━━━━━ Entries provided

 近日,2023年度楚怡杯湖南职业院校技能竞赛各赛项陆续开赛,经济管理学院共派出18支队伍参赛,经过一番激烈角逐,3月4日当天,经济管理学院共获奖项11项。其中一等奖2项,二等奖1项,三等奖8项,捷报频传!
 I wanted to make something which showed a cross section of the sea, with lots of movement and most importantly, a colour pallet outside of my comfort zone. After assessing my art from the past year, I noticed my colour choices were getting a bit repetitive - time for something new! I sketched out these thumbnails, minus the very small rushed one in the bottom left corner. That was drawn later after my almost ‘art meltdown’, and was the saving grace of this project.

━━━━━━━━━━
━━━━━ Entries provided

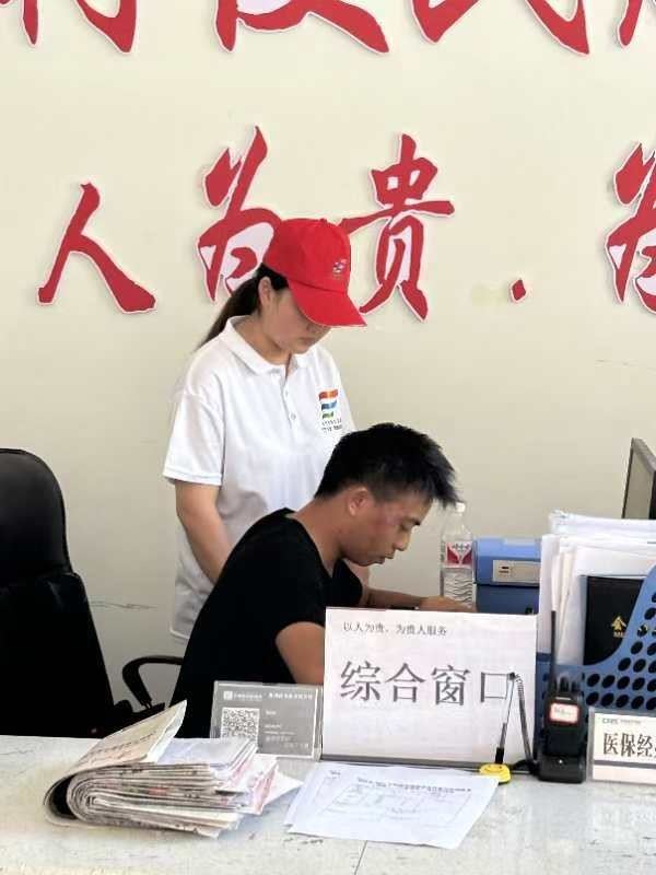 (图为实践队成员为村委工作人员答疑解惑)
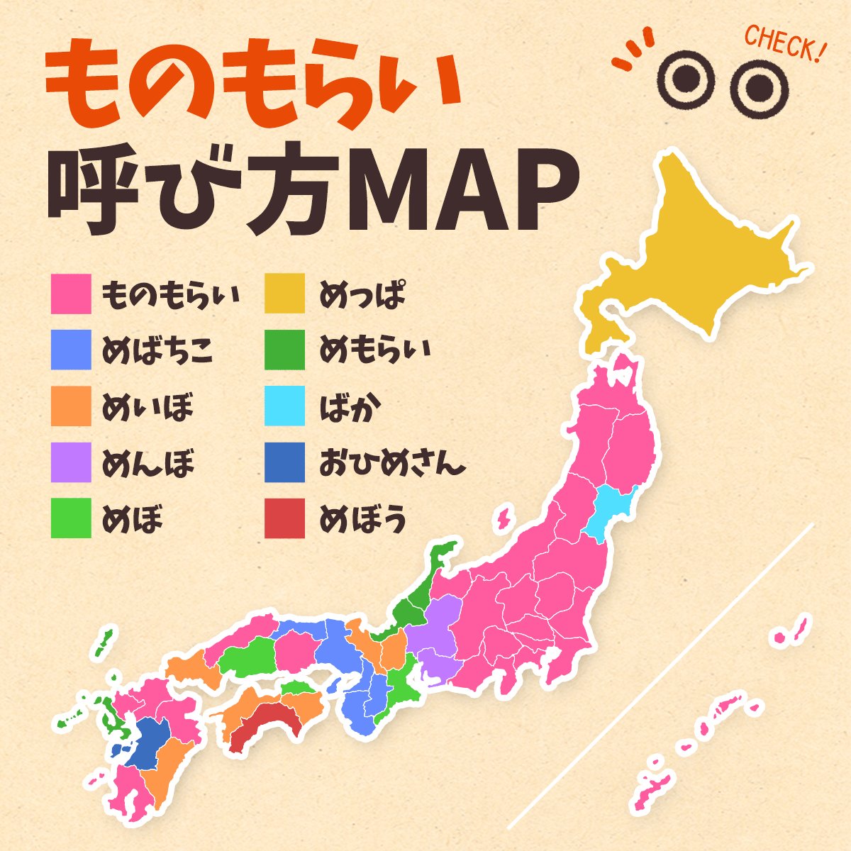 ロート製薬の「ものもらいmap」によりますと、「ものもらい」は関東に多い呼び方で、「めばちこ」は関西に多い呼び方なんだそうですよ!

━━━━━━━━━━
━━━━━ Entries provided

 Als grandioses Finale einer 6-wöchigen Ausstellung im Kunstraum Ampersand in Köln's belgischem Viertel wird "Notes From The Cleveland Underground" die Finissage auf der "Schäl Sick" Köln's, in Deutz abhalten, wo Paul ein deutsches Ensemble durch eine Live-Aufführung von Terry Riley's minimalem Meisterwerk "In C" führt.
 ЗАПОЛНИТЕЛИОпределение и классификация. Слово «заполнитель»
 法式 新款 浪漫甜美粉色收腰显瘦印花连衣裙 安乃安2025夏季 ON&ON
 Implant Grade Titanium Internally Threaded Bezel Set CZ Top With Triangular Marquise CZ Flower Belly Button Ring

━━━━━━━━━━

Required work: Could you repeat exactly the lines above from the line with "ЗАПОЛНИТЕЛИОпределение и классификация." up to and including the line with "Implant Grade Titanium", and only those?

Answer to the problem:
 ЗАПОЛНИТЕЛИОпределение и классификация. Слово «заполнитель»
 法式 新款 浪漫甜美粉色收腰显瘦印花连衣裙 安乃安2025夏季 ON&ON
 Implant Grade Titanium Internally Threaded Bezel Set CZ Top With Triangular Marquise CZ Flower Belly Button Ring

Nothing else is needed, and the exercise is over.